Hepatic vein pressure predicts GFR in cirrhotic patients with hemodynamic kidney dysfunction.

作者信息

Desai Neel, Neugarten Joel, Dominguez Mary, Golestaneh Ladan

机构信息

Montefiore Medical Center/Albert Einstein College of Medicine, Department of Medicine/Renal Division, Bronx, New York.

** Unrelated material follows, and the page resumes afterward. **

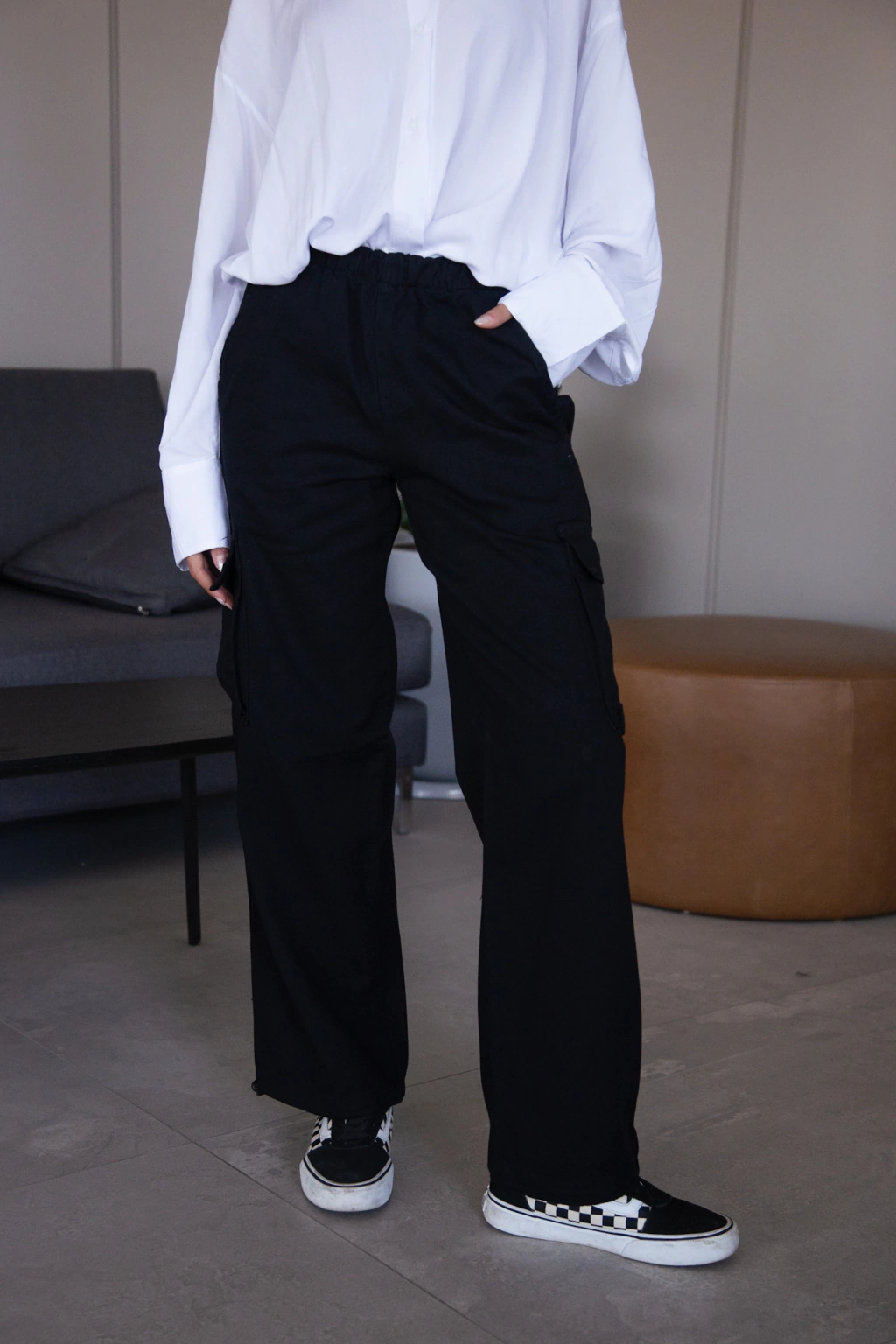 Panatalon cargo gabardina ancho. Elaztico en cintura y ajustable en bota manga. Bolsillos a los costados y traseros

Montefiore Medical Center/Albert Einstein College of Medicine, Department of Medicine/Renal Division, Bronx, New York

出版信息

Physiol Rep. 2017 Jun;5(11). doi: 10.14814/phy2.13301.

Abstract

The role of "nephrocongestion" in hemodynamic renal disease is understudied. Intra-abdominal hypertension accompanies liver disease and renal disease. Our hypothesis states that in those patients with liver disease, hepatic vein pressure measured during a transjugular intrahepatic portosystemic shunt (TIPS) procedure reflects intra-abdominal pressure and predicts estimated glomerular filtration rate (eGFR). We gathered data from our clinical database and chart review on a cohort of cirrhotic patients who received TIPS at Montefiore as part of their clinical care between 2004 and 2014. We evaluated association of demographic and measured variables with eGFR in those subjects without end-stage renal disease (ESRD). Using multivariate regression, we examined the relationship between eGFR and hepatic vein pressure while adjusting for age, proteinuria, and ultrasound evidence for parenchymal kidney disease. The mean age of the subjects was 57 years old. Two thirds of the patients were male, 23% were White, and 20% were Black. A higher percentage of patients with chronic kidney disease (CKD), as determined by lower than 60 mL/min/1.73 m, had proteinuria and ultrasound evidence for parenchymal kidney disease. A multivariate linear regression showed a significant and negative association between hepatic vein pressure and eGFR when adjusting for age, race, and proteinuria. Hepatic vein pressure is negatively and significantly associated with eGFR in those patients with liver failure. This finding has major implications for the way we evaluate hemodynamic renal disease.

摘要

“肾充血”在血液动力学肾病中的作用尚未得到充分研究。腹内高压与肝脏疾病和肾脏疾病相伴。我们的假设是,在那些患有肝脏疾病的患者中,经颈静脉肝内门体分流术(TIPS)过程中测得的肝静脉压力反映腹内压力,并可预测估计肾小球滤过率(eGFR)。我们从临床数据库收集数据,并回顾了2004年至2014年间在蒙特菲奥里接受TIPS作为临床治疗一部分的一组肝硬化患者的病历。我们评估了非终末期肾病(ESRD)患者的人口统计学和测量变量与eGFR之间的关联。使用多元回归分析,我们在调整年龄、蛋白尿和实质性肾病的超声证据后,研究了eGFR与肝静脉压力之间的关系。受试者的平均年龄为57岁。三分之二的患者为男性,23%为白人,20%为黑人。根据低于60 mL/min/1.73 m²判断,慢性肾脏病(CKD)患者中蛋白尿和实质性肾病超声证据的比例更高。多元线性回归分析显示,在调整年龄、种族和蛋白尿后,肝静脉压力与eGFR之间存在显著负相关。在那些肝功能衰竭的患者中,肝静脉压力与eGFR呈显著负相关。这一发现对我们评估血液动力学肾病的方式具有重要意义。